BEIJING ? Exiled Tibetans have released amateur video that they say shows the failed suicide bid of a Tibetan monk in southwest China last month.
The monk is one of at least 10 Tibetans in their late teens and 20s who have set themselves on fire since March to protest China's rule over Tibet, with five or more of them dying from their injuries. The man in the video is believed to have survived.
The individuals who shared the video did so on condition of anonymity for fear the videographer and those who helped get the video out of China could be punished by the Chinese government.
They said the man in the video is Lobsang Konchok, a teenage monk who tried to set himself on fire Sept. 26 at Kirti Monastery in Sichuan province's Aba prefecture, where tensions between monks and the authorities have been high for months.
The shaky 34-second video, which was released Sunday by The Associated Press, shows a partially clothed man lying face down on a street, his feet and lower calves black and smoking. A woman screaming in Tibetan can be heard in the background, and a police car and several uniformed People's Armed Police officers are visible behind the man. One of the officers approaches the camera at the end of the video and says "No filming" in Chinese.
Chinese state media confirmed at the time that Lobsang and a second monk both tried to self-immolate but were rescued by police after suffering superficial burns and were in stable condition after the incident.
Aba has been the scene of numerous protests over the past several years against the Chinese government. Most are led by monks who are fiercely loyal to Tibet's exiled Buddhist leader, the Dalai Lama, who fled the Himalayan region in 1959 amid an abortive anti-Beijing uprising and is reviled by China's communist government.
China's Foreign Ministry has condemned the immolations and accused the Dalai Lama's supporters of encouraging them.
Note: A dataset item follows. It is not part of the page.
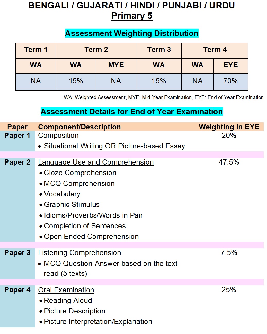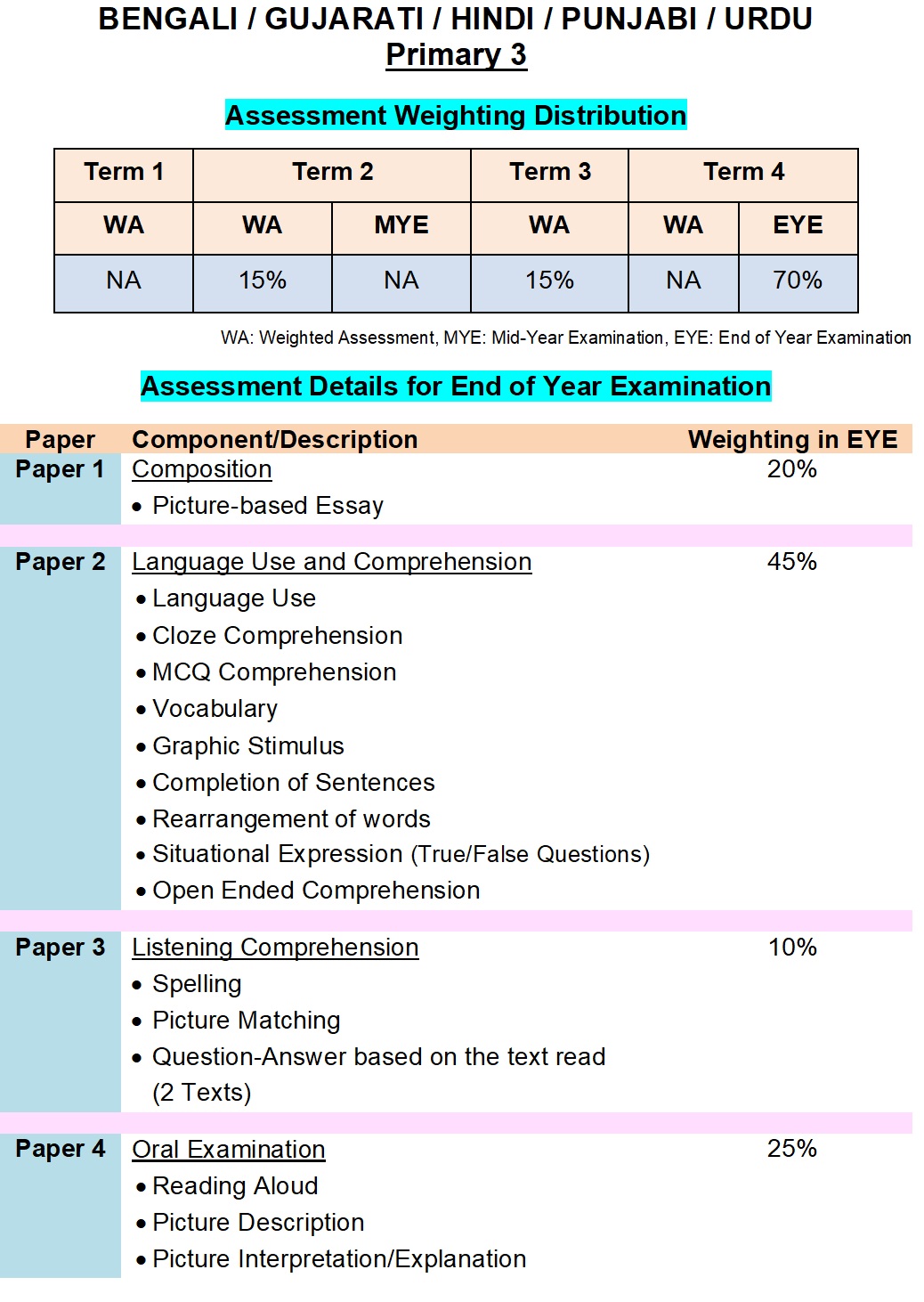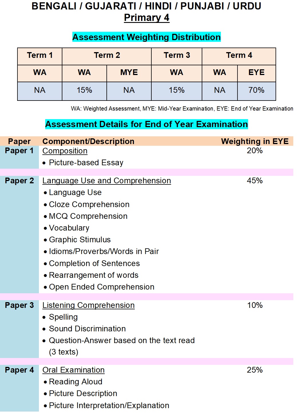 Examinations typically include a combination of written papers and oral assessments, aligned with the prescribed curriculum and learning outcomes. The assessment framework encourages confidence-building and steady language development among young learners.

Last week, ministry spokeswoman Jiang Yu called such alleged support "violence and terrorism in disguise."
Thupten Samphal, spokesman for the Tibetan government-in-exile, denied Saturday that the Dalai Lama had encouraged Tibetans to burn themselves, and said the spiritual leader considers suicide a form of violence.
"What the Tibetans in Tibet are trying to do by burning themselves is to try to attempt to draw international attention to the really grim situation in Tibet," he said. "There has been increased repression in all the monasteries in Tibet."